Yay, Nutella! I understand the cost reasons that so many food producers have switched to palm oil, but I think this has been detrimental to Nutella on the whole, beyond just the environmental concerns. Up until 2005 or 2006, the US mix of Nutella did not even use palm oil. And the flavor (specifically, the hazelnuttiness) of the spread has definitely changed. Even though Ferrero has come far in terms of incorporating sustainable palm oil practices into its production, I still have trouble with the inclusion of palm oil in the ingredients mix. And to echo Farhaneh’s comment, palm oil is actually quite unhealthy.

(Plus deforestation is doubly bad, because in addition to air pollution, it is also killing the orangutans.)

[https://gettingonmysoapbox.wordpress.com/2016/06/20/nutella-does-not-get-it-but-france-does/]

On November 7, 2016, abaybars commented on Riding the Heat Wave – Will WhiteWave Survive? :

Thank you writing. One of the biggest sustainability issues a company like WhiteWave that dabbles in packaged goods faces is the emissions levels of its packaging.
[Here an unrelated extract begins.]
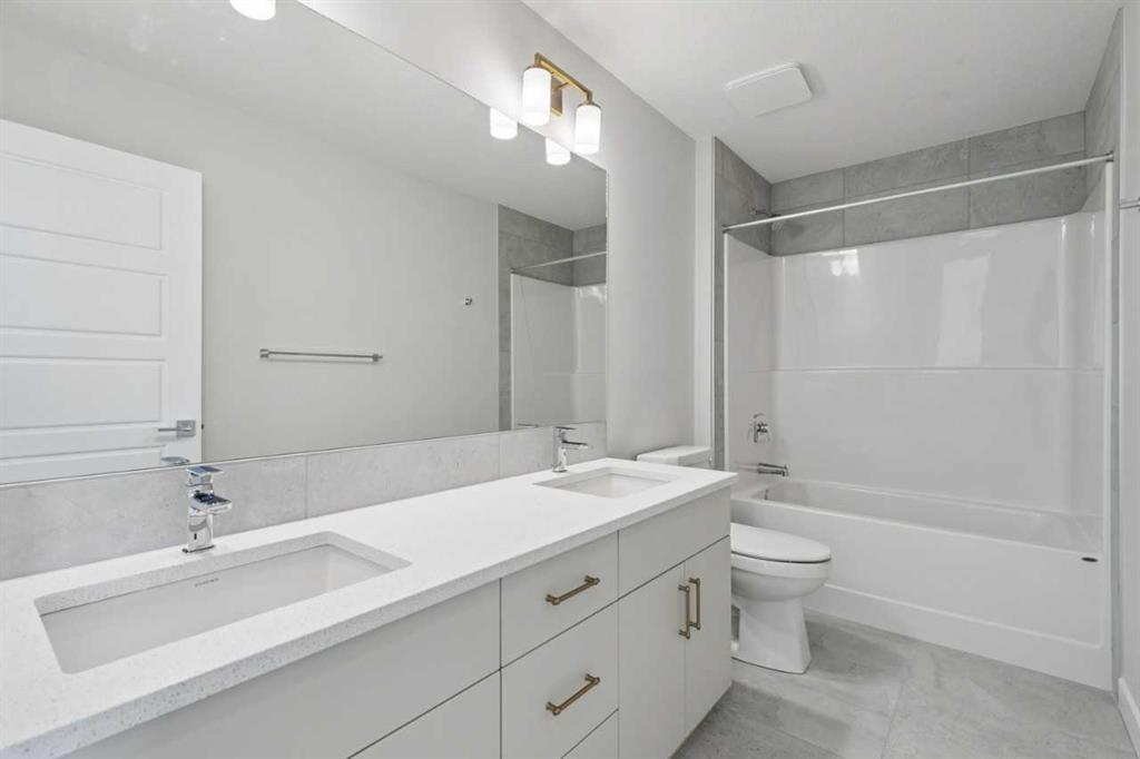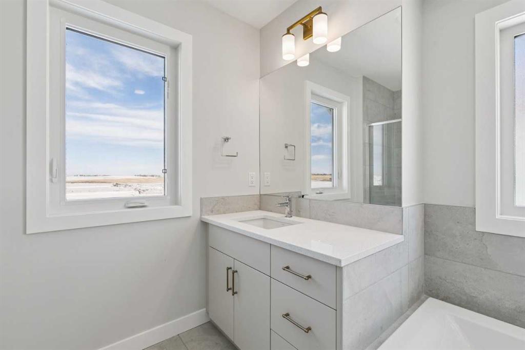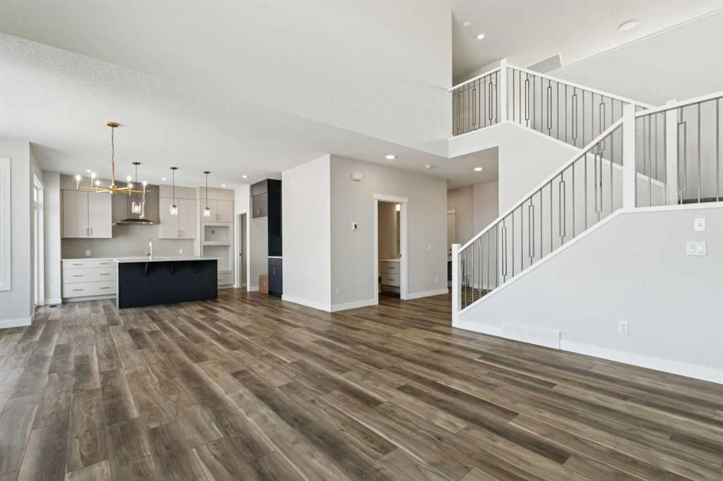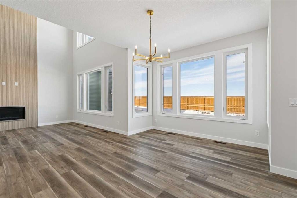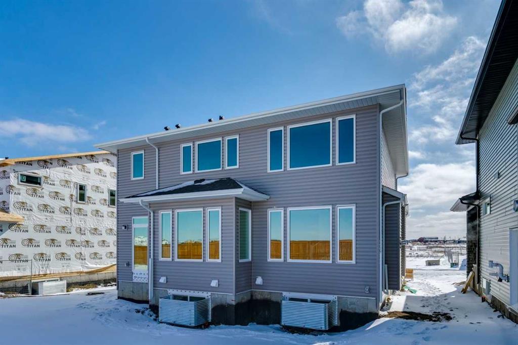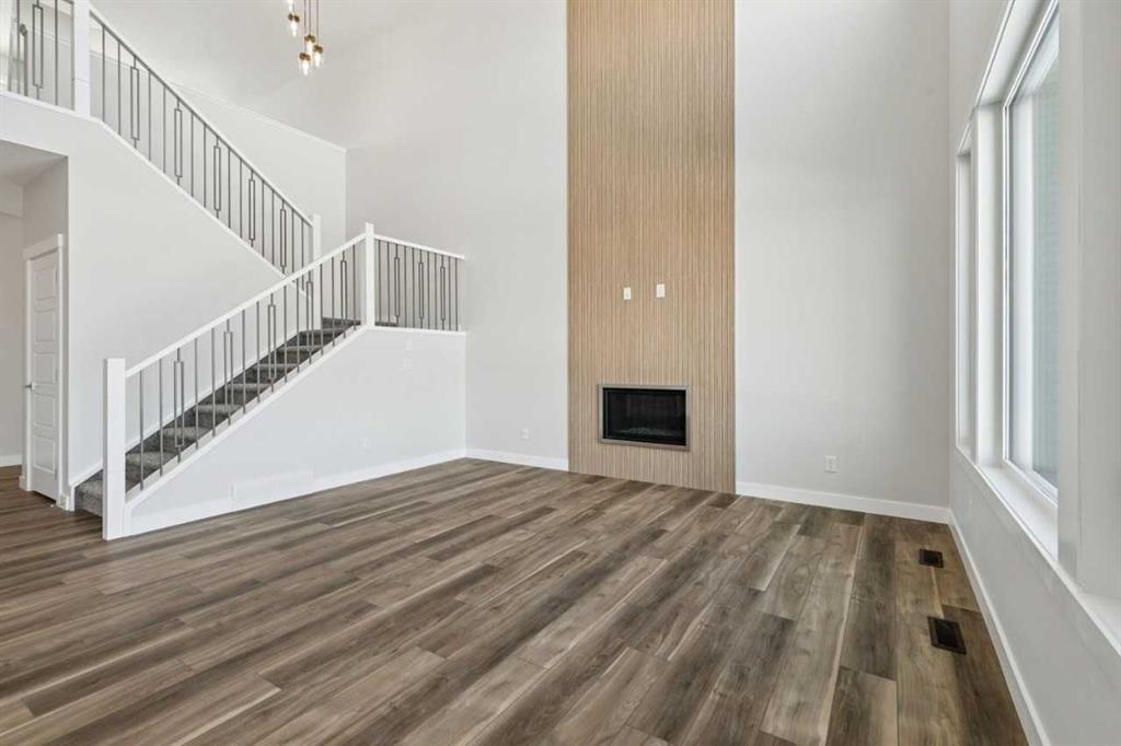 Located at 420 Bridgeport Glen in the Bridgeport community, this Crestview model by NuVista Homes offers 2,323 sq ft of thoughtfully designed living space. Featuring 4 bedrooms and 3 bathrooms, this home showcases a Craftsman elevation and 9’ foundation and main floor ceiling heights. The open-concept main level includes luxury vinyl plank flooring and a natural gas fireplace with full tile surround to the ceiling. The kitchen is well appointed with quartz countertops, taller upper cabinets, and an upgraded Samsung gourmet appliance package. A side entrance provides excellent potential for future basement development. Upstairs, the primary bedroom includes a five-piece ensuite and a large walk-in closet with convenient laundry access. A triple car garage adds exceptional storage and everyday functionality. Designed for comfort and flexibility, this home delivers space and quality in a growing Bridgeport community.
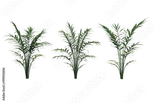 © Waypixel, Naklejka premium Green palm tree isolated on white background. 3D rendering image.

There’s a good deal of progress made by WhiteWave here that is worthy of note.

One of WhiteWave’s subsidiaries, Vega, had identified the usage of virgin high-density polyethylene plastic containers as the largest source of the brand’s carbon dioxide emissions. Under WhiteWave’s guidance, since 2012, Vega bottles are 96% post-consumer recycled plastic. In addition, another of WhiteWave’s brands, Earthbound Farm, a packaged salad brand, has been using 100% post-consumer recycled plastic for packaging since 2009.

Given its product mix, I’d say WhiteWave is doing a pretty decent job of changing with the climate times.